На всю жизнь сохранил Калинин теплое чувство к этой семье.

И уж совсем неверным считал Калинин, когда за грехи мужа подвергают наказаниям жену. Характерно в этом отношении письмо Калинина коменданту 2-го отряда стрелковой охраны г. Смоленска.

«У Вас в детском приемнике в течение двух лет работала воспитательницей беспризорных гр. Прудникова Ф.А.

В январе месяце она Вами была уволена с работы в связи с тем, что ее муж был исключен из партии и выслан.

Считаю увольнение гр. Прудниковой только по этой причине необоснованным. Считаю возможным оставление ее на работе, если за ней лично нет порочащих фактов».

1938 год не принес облегчения.
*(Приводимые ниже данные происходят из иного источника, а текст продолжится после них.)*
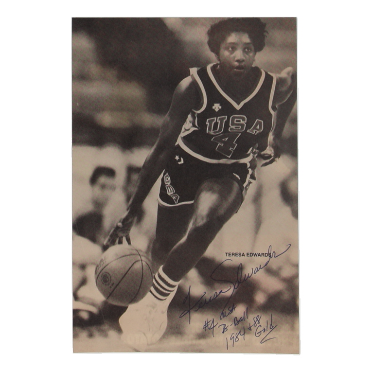 Magazine Cut measures approximately 5" x 7.5" in size and has been hand-signed and inscribed by Teresa Edwards (HOF).

С поста наркома внутренних дел был снят Ежов, вместо него пробрался Берия, пользовавшийся почти неограниченным доверием Сталина. Последовала новая серия провокационных арестов: Блюхер, Крыленко, Рудзутак, Уншлихт…

В это время болезнь глаз у Калинина сильно обострилась. Врачи предупредили, что если он не согласится на операцию, то ослепнет.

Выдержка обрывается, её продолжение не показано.